--- START ---
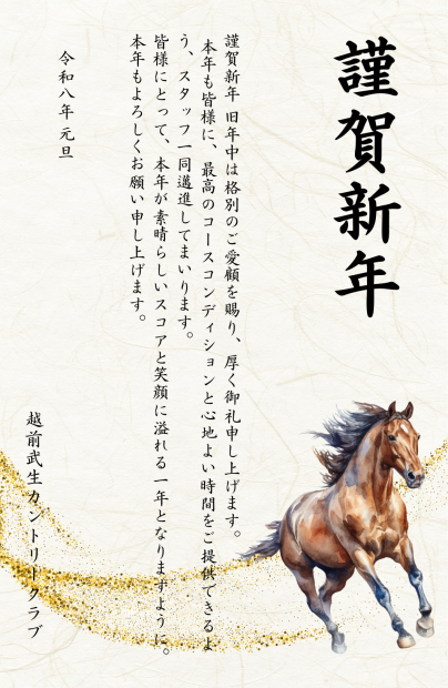 ベージュ 金色 和風 水彩画 2026年 午年 馬 ビジネス 年賀状
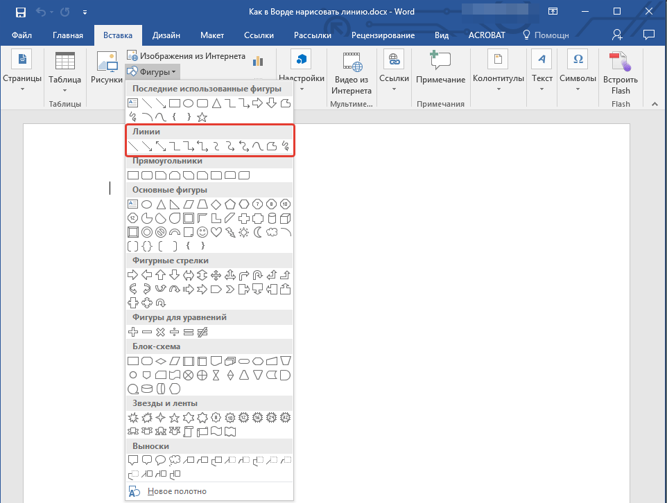 - На вкладке «Вставка» в группе «Иллюстрации» нажмите кнопку «Фигуры.
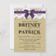 Plain white envelopes are included with paper invitations and will come to fit the invitation size you select. If you don’t need the envelopes, you may choose to not receive them by selecting the dropdown below "Envelopes" and choosing "None." If you’d like to have a design on your envelopes, you can browse all of these available envelopes to find the design that complements your Purple Rustic Vintage Burlap Wedding Invitations.
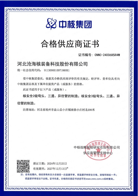 近日,河北滄海核裝備科技股份有限公司成功通過(guò)中核戰(zhàn)略規(guī)劃研究總院有限公司供應(yīng)商資格考察評(píng)審,正式獲得中核集團(tuán)合格供應(yīng)商資質(zhì)。
--- END ---
> EXERCISE BRIEF: Hand back exactly the lines from the one with "- На вкладке" through the last line of the data above, both ends included, with every picture left out.

> YOUR SOLUTION:
 - На вкладке «Вставка» в группе «Иллюстрации» нажмите кнопку «Фигуры.
 Plain white envelopes are included with paper invitations and will come to fit the invitation size you select. If you don’t need the envelopes, you may choose to not receive them by selecting the dropdown below "Envelopes" and choosing "None." If you’d like to have a design on your envelopes, you can browse all of these available envelopes to find the design that complements your Purple Rustic Vintage Burlap Wedding Invitations.
 近日,河北滄海核裝備科技股份有限公司成功通過(guò)中核戰(zhàn)略規(guī)劃研究總院有限公司供應(yīng)商資格考察評(píng)審,正式獲得中核集團(tuán)合格供應(yīng)商資質(zhì)。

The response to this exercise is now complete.